For me, summer vacations during childhood days were spent in visiting maternal home near Pangala in Udupi district. It used to be a gathering of all the relatives with the entire house being converted into a den for ‘Hide and Seek’ games, the veranda being converted into a miniature cricket ground and finally countless road-trips to weddings, temples, beaches and ‘Kudla’ (Mangalore); all of which used to be marked by a visit to the ‘Diana Hotel’ in Udupi. But common in all these road trips of ours was the Amby, a perfect vehicle to stuff in large Indian families:-) . A rugged metallic body and well suited for Indian highways, Amby was and is much resistant to damages in accidents than most modern cars of the day. It was hence a natural choice for the elders when compared to Maruti 800 which was in its infancy during those days. But it only took few years for Maruti 800 to turn into an icon which represented the Indian middle class family. This era marked the decline of Amby. The throne was passed onto the new, small car with a weaker body and Amby slowly began to fade away from the Indian roads.
The moment framed in a photograph above was one of those rare sightings of Amby for me during my recent visit to our hometown. There was this one odd Amby waiting outside our home among other popular cars.
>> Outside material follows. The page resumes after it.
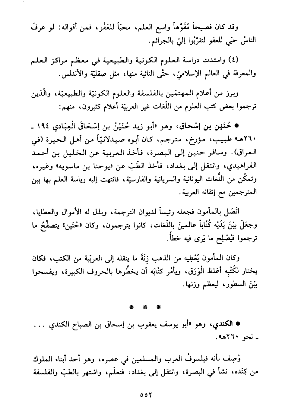 - الكندي، وهو "أبو يوسف يعقوب بن إسحاق بن الصباح الكندي 000-نحو 260هـ".

The Omnis, the Altos and other creations of Maruti Udyog were lined up along with few mini buses and this solitary Amby. The vehicles were all for ferrying people to the local temple nearby for them to take part in the celebrations of the day. This event was connected to the fact that my grandfather turned a hundred years old during the year 2006. He was a founder of this temple in Katpadi and it was decided that a public event was to be held there to mark this occasion. There wasn’t any centenarian in our village except for him and there wasn’t another car from the classic pre-globalization era except for this Amby. And I guess it was a fitting tribute to their survival in the race against time that they undertook the journey to the temple together.
Realists may say that Amby is in the fag end of its life and will fade away soon. But who knows, they even said that video killed the radio star. But today, the radio is having its finest hour as predicted by the Late Freddie Mercury in ‘Radio Ga Ga’, one of the greatest hits by the rock band ‘Queen’. Maybe even our dear old Amby and its cousin ‘Premier Padmini‘ will have their renaissance someday too.